M&G arranges £40m social housing PP

Estuary Housing Association will use the financing to build 400 new homes over the next three years.

London-based M&G Investments has extended £40 million (€55.2 million; $58.5 million) in private placement financing to Estuary Housing Association, a provider of social housing in Essex and the East of London, the firm said in a statement.

The long-term financing is a 30-year bilateral financing. The borrower has a 12-month deferred draw-down option on £20 million of the financing. Santander GBM assisted Estuary in arranging the facility.

The private placement will enable Estuary to fulfil its development ambitions of 400 homes over the next three years. Half the homes are to be built in London boroughs and the remainder in Essex.

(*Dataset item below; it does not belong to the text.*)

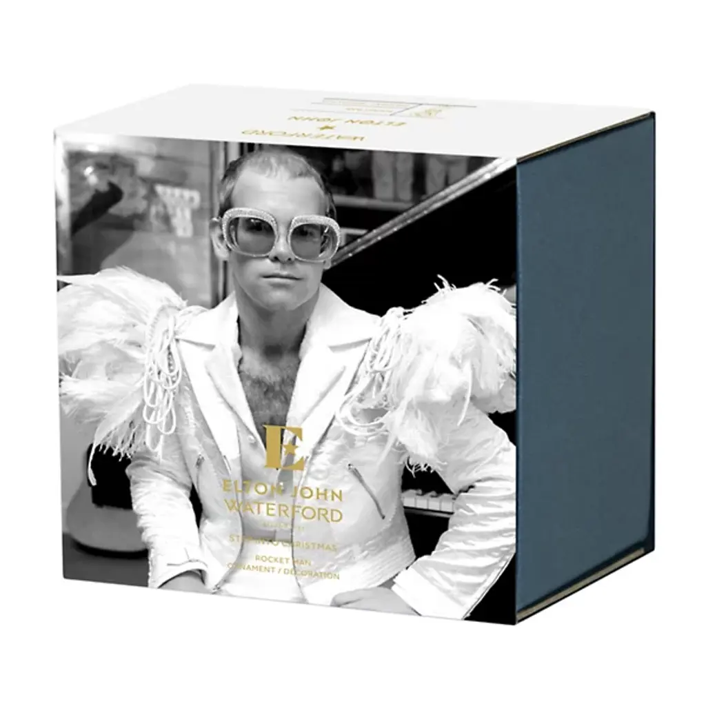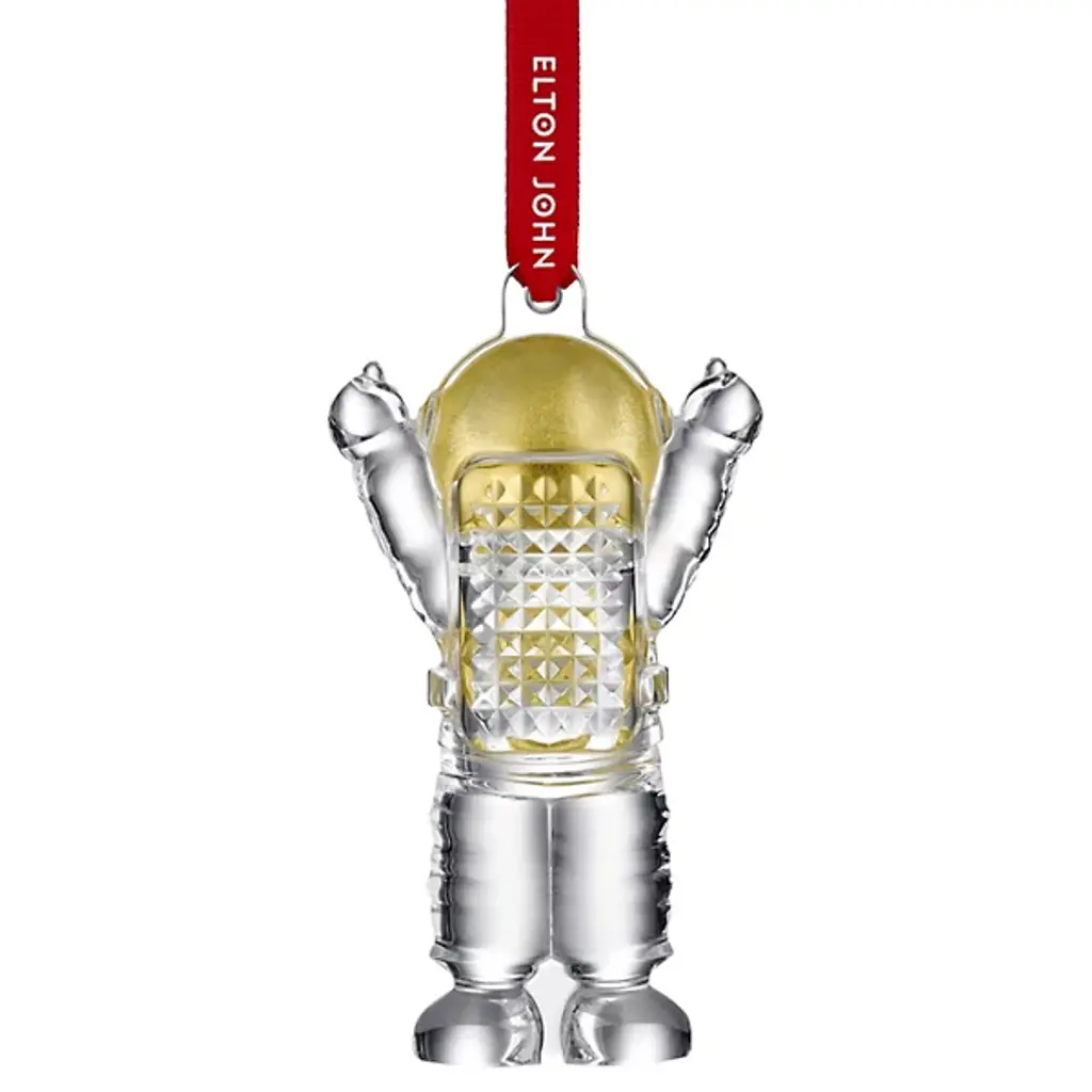 The Elton John Rocket Man Ornament from Waterford recreates the spaceman protagonist from one of the musician's most famous songs through detailed crystal construction. Part of the Step Into Christmas Collection, the ornament captures the intrepid spaceman character in three-dimensional form. Intricate cuts across the surface catch and refract light, while the hand-painted visor adds realistic detail to the astronaut's helmet. Lead-free crystal construction ensures durability while maintaining the optical clarity needed to showcase the precise cutting work.
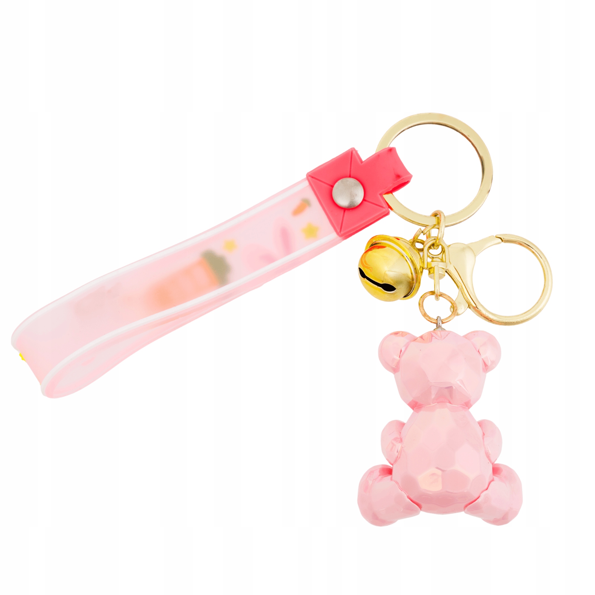 Brelok wykonany jest z błyszczącego tworzywa o diamentowym szlifie, który pięknie odbija światło. Uzupełnia go miękka różowa zawieszka z napisem „Angels” oraz złoty dzwoneczek dodający uroku przy każdym ruchu. Solidny karabińczyk umożliwia łatwe przypięcie i przenoszenie ozdoby.

Once completed, the developments will bring Estuary’s total housing stock to around 4,500 properties by 2018.

“The process of raising funds through a private placement was new to Estuary and we are very pleased that we have been able to raise funds at a favourable rate that enables us to meet our social purposes through the provision of much needed affordable homes in areas of acute need,” Paul Durkin, chief executive of Estuary, said in a statement.

Until 2007, housing associations relied on banks and The Housing Finance Corporation to meet external funding requirements. However, institutional investors have been providing increasing amounts of long-term finance as banks withdraw from the market, M&G said.

M&G’s pension fund clients continue to seek cash flows over the long-term which are secured against residential property, Davie said. To date, M&G has invested £5 billion in UK social housing through property transactions, public bonds and private placements, a large proportion of it invested since the financial crisis. Most is in bond financing but in 2014 around £400 million was extended in private placements to housing associations, typically not large enough to access the bond markets.

“Estuary plays a vital role in a region where there is both a severe shortage of housing and a growing population. Financing of this type for housing associations enables them to contribute towards meeting the growing demand for affordable housing in their local communities,” Mark Davie, head of social housing, M&G Investments, commented in a statement.